As shown in Figure 3, TOC concentrations in the enhanced area and control area present the same trend as the TN concentrations. The TOC of the enhanced area decreased from 3.5 to 2.7 mg/L, which was a reduction of 22.9%. In the control area, the TOC decreased by only 12.5%. The same trend was observed in our previous study. As the results showed in other drinking reservoirs, bacterial production played a very important role in dissolved organic matter degradation: dissolved organic matter degradation was high enough to decrease the loads to reservoirs considerably [33].
Based on these results, the stratification in Jinpen Reservoir was nearly destroyed by the running of the water-lifting aeration system; the bottom water layer was oxidized, and DO concentration increased to 4.2 from 0 mg/L. TN, TP, and TOC contents in the water column of the enhanced area were significantly reduced. The running of the water-lifting aeration system not only provided oxygen to the reservoir, but also assisted in improving the water quality. There is no doubt that changes in the water structure and water quality would inevitably affect changes in the water microorganisms [34]. DO and nitrogen were likely the major factors that influenced the microbial communities found in the raw water [35]. Thus, based on these water quality analyses, the microbial community structures in both the enhanced and control areas were explored.
3.2. Effects of Mixing Aeration on Microbial Community Structure
Changes in microbial community structure in the enhanced and control areas were explored by using the high-throughput sequencing. As shown in Table 1, a total of 701,702 valid sequences and 14,091 OTUs (97% similarity) were obtained by sequencing. The AEC index varied mainly between 617 and 1205, and the Chao diversity index varied between 616 and 1122. The average coverage of the enhanced area and the control area reached 0.9938 and 0.9940, respectively, indicating that the sequencing results reflect the microbial community structure well [36]. The microbial community diversity and richness in the enhanced area were highly improved over those of the control area by the mixing aeration, especially in the surface water. For example, on 15 October the Chao1 of the surface water was 1004 in the enhance area, and that in the control area was 641. The shannon index of the surface water in the enhanced area on 15 October was 4.32 and that in the control area was 4.04. After running the water-lifting aeration system, the whole reservoir trended to mixing; on 28 November, the values of microbial diversity and richness tended to be consistent. The mixing aeration helped to increase the microbial diversity index. Compared with the Three Gorge Reservoir, less OTUs were obtained in Jinpen Reservoir in the control area [37]. Both results showed that local water quality played an important role in the distribution of bacterial community.
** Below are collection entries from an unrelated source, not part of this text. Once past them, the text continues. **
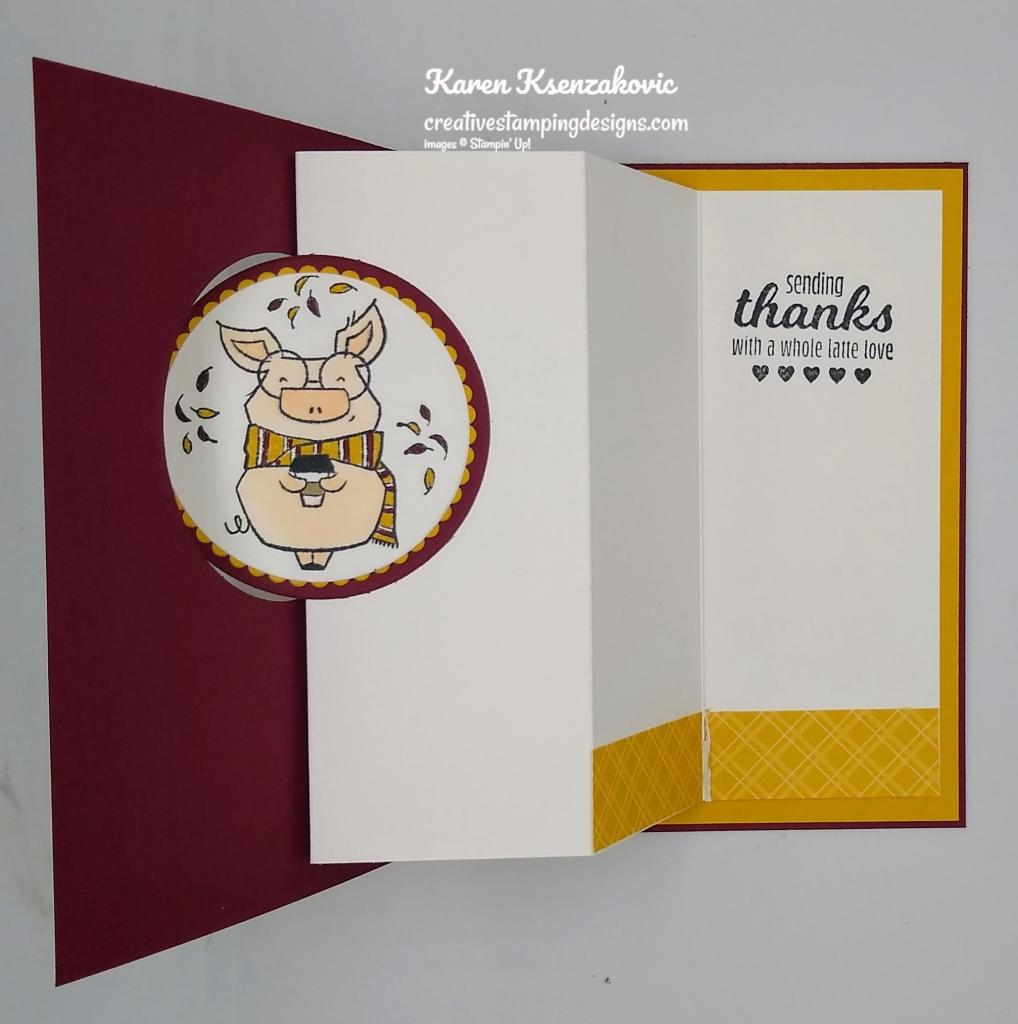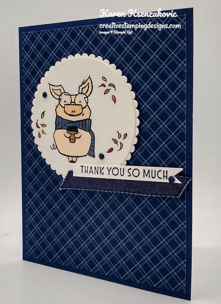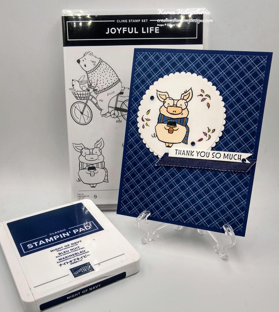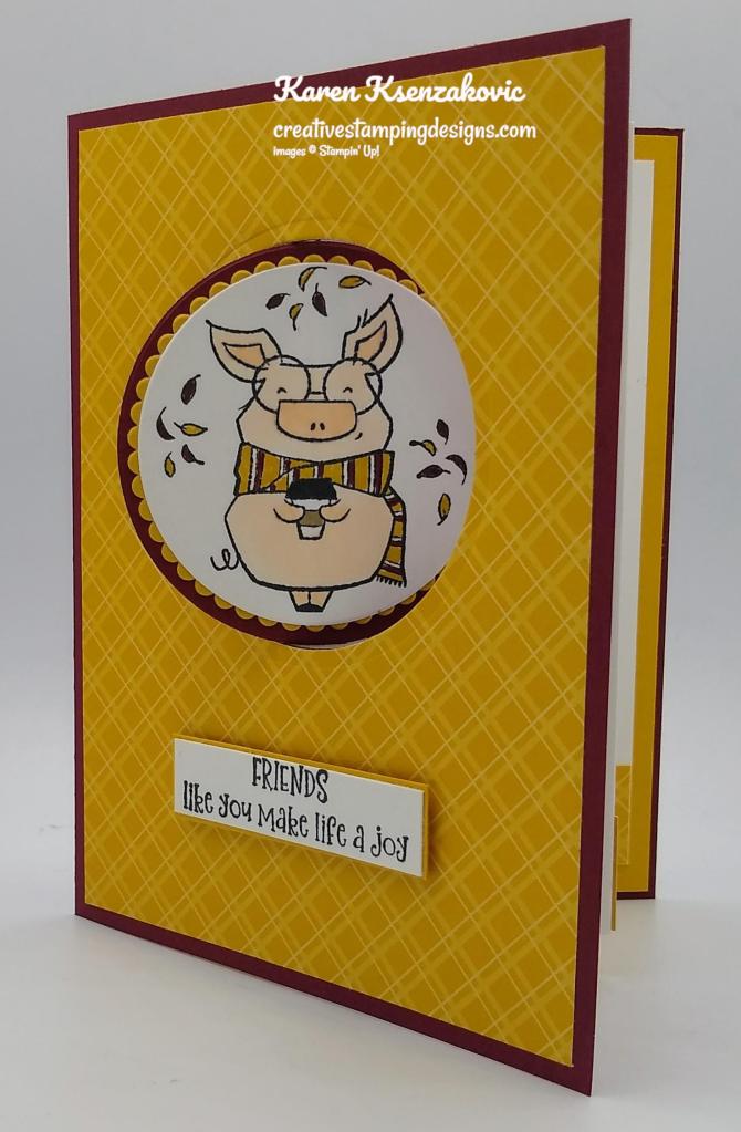 Using my Layering Circles Dies, I cut one of the solid circles and the coordinating scalloped circle from a panel of Basic White cardstock. On the solid circle I stamped the pig and leaf images from the Joyful Life stamp set in Tuxedo Black Ink to the left of the circle. I colored the images in using my Blackberry Bliss, Bronze, Crumb Cake, Daffodil Delight, Night of Navy, Old Olive, Petal Pink, Pumpkin Pie and Real Red Stampin’ Blends Markers. I adhered the solid circle to the scalloped circle using Stampin’ Seal and then to the card front using Stampin’ Dimensionals.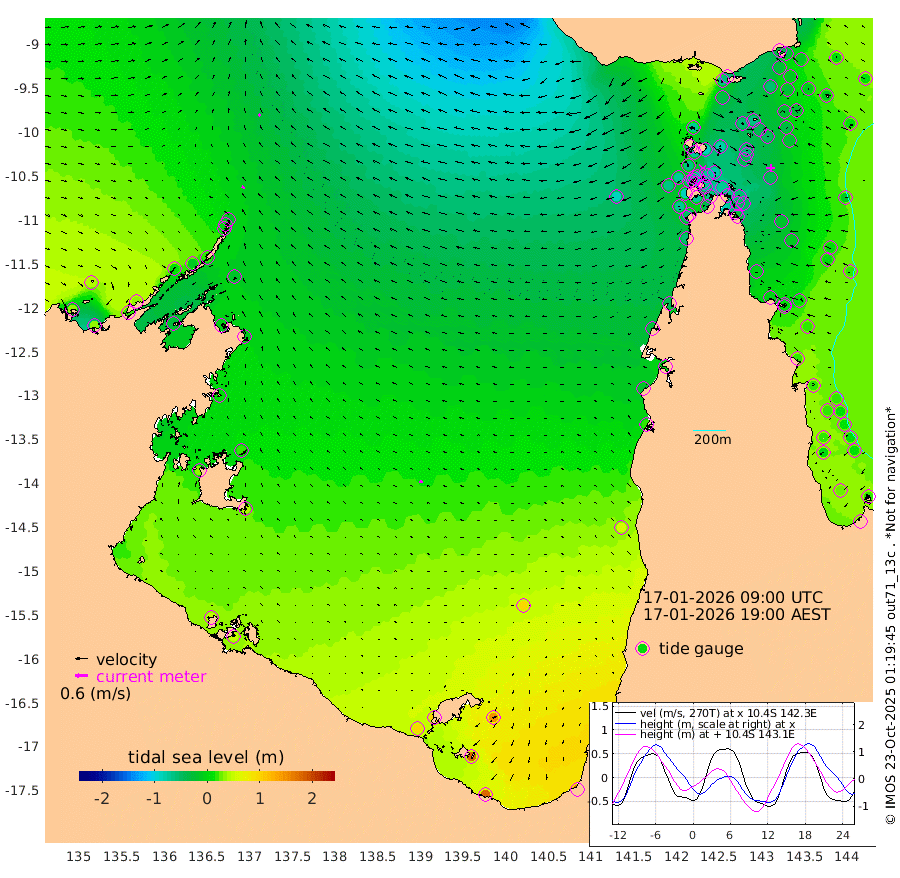 15cm/s -57T +3cm/s rms + 7cm/s -42T. ARA-GOC87 57m 15cm/s -75T +3cm/s rms + 2cm/s -2T. ARA-GOC87 60m 12cm/s -42T +2cm/s rms + 3cm/s 61T. ARA-GOC87 47m -32cm Daru -32cm Bobo Island 9cm Meer Island Barge 4cm Bramble Cay -13cm Unnamed Cay -28cm Pearce Cay -13cm Stephens Island -8cm Merrie England Shoals -30cm Mutacomal Reef -8cm Darnley Island Barge 11cm East Cay -23cm Yorke Island Barge -28cm Rennel Island -36cm Aureed Island -38cm Dungeness Reef -61cm Zagai Island -55cm Yam Island -61cm Dauan Island -59cm Saibai Island -32cm Phipi Reef -57cm Warrior Reef - West -69cm Mabuiag Island Barge -28cm Half Way Island -50cm Coconut Island -38cm Dugong Islet -59cm Poll Island -43cm Kirkcaldie Reef -77cm Suarji Island -54cm Sue Islet -61cm Hawkesbury Island -75cm Alert Patches -77cm Twin Island -62cm Badu Island -83cm St Pauls (Moa Island) -69cm Kubin (Moa Island) -76cm Ince Point -76cm Thursday Island -76cm Nardana Patches -65cm Turtle Head -61cm Round Island -60cm Goods Island -67cm Booby Island -69cm White Rocks Area -87cm Carpentaria -68cm Papou Point -84cm Bampfield Head -50cm Crab Island -72cm Red Wallis Island -68cm Packe Island -52cm Harrington Reef -55cm Herald Camp -20cm Sharp Point -44cm Red Island Point -67cm Possession Island -72cm Alpha Rock -67cm Frederick Point -49cm Wyborn Reef Light -56cm Tetley Island -9cm Triangle Reef -50cm Turtle Head Island 3cm Maclennan Cay 17cm Raine Island -22cm Mcsweeny Reef -10cm Collette Reef 7cm Shadwell Reef -5cm Hannibal Island -1cm Round Point -53cm Vrilya Point 5cm Cape Grenville 8cm Hicks Island 8cm Sir Charles Hardy Island 2cm Harvey Island 16cm Kay Reef 18cm Rocky Island 15cm Chapman Island 15cm Ham Reef 16cm Jubilee Reef 9cm Night Island 13cm Unnamed Reef No. 3 18cm Morris Island 15cm 1st 3 Mile Opening 15cm Creech Reef 7cm Fife Island 28cm Eden Reef 21cm Stanley Island 23cm Normanby River 32cm Yabooma Island 36cm Hutchison River 33cm Elcho Island 40cm North West Crocodile Island -20cm Cape Wessel 13cm Stevens Island -8cm Guluwuru Island 22cm Hopeful Bay -5cm Auster Point -2cm Two Island Bay 20cm Cadell Strait -24cm Mallison Island -6cm Melville Bay (Gove Harbour) -20cm Truant Island -12cm Cape Arnhem 12cm Cape Grey 19cm Hawk Island 31cm Milner Bay (Groote Eylandt) 40cm Cape Beatrice 47cm West Island 48cm Centre Island 103cm Mornington Island 96cm West Wellesley Islands 147cm Bountiful Island 178cm Albert River Mouth 175cm Sweers Island 179cm Karumba 92cm Nassau River Offshore 58cm Christmas Creek 20cm Archer River -15cm Boyd Point 0cm Weipa (Humbug Point) -24cm Pennefather River -43cm Cullen Point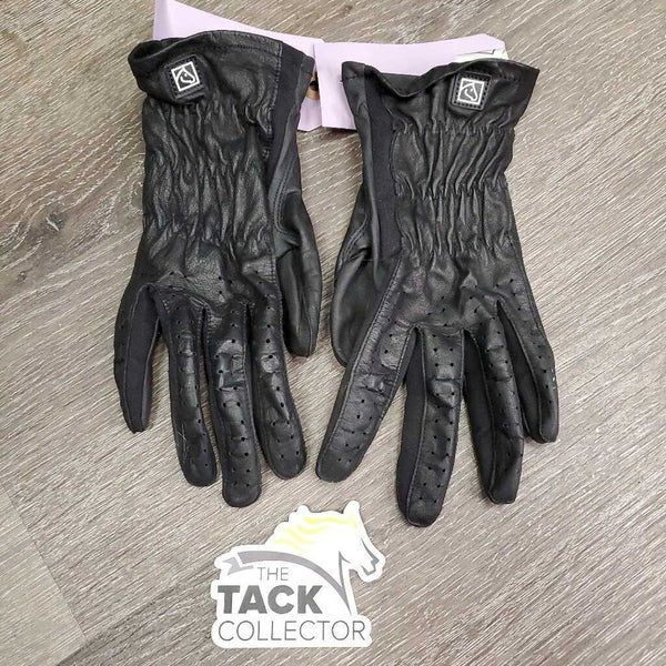 Pr Leather & Hvy Crochet Riding Gloves *gc, clean, curled, faded, snags, threads, thin spots Size: S?

Microbials belonging to seven main categories were found during the operation of the water-lifting aeration system: Proteobacteria, Bacteroidetes, Actinobacteria, Cyanobacteria, Firmicutes, Chloroflexi, and Verrucomicrobia (Figure 4 and Figure 5, Figures S3 and S4). Among them, Proteobacteria, Bacteroides, and Actinomycetes accounted for 67.52%–78.74% of the total bacterial population.
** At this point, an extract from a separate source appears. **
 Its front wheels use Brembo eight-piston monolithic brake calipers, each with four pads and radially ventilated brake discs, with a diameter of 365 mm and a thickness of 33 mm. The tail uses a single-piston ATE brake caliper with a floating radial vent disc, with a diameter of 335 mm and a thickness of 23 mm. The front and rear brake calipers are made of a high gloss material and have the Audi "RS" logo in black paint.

During the operation of the water-lifting aeration system, the proportion of Proteobacteria in the control area decreased from (44.76 ± 1.75)% to (42.93 ± 1.34)%, whereas in the enhanced area it increased from (43.09 ± 0.96)% to (44.28 ± 1.78)%. The proportion of Bacteroidetes, which are well-known degraders of organic matter, decreased from (18.26 ± 0.95)% to (14.45 ± 1.34)% in the control area, while in the enhanced area it decreased from (15.92 ± 1.28)% to (15.02 ± 0.46)%. The variation in Bacteroidetes shows that the TOC in the enhanced area degraded faster than that in the control area. Furthermore, the proportion of Actinomycetes, which play a crucial ecological role in the recycling of refractory biomaterials and DOM [38], increased in the enhanced area from (11.65 ± 1.75)% to (12.25 ± 0.78)%, while it changed little in the control area. As for Cyanobacteria, they were a key group responsible for environmental problems associated with eutrophication processes [39]. In Jinpen Reservoir, Cyanobacteria was also a very important monitoring indictor. Research showed that TP and water clarity were identified as the most influential environmental factors correlated with phytoplankton community composition [40]. In our next research, more water quality parameters will be taken into consideration for further analysis on microbials.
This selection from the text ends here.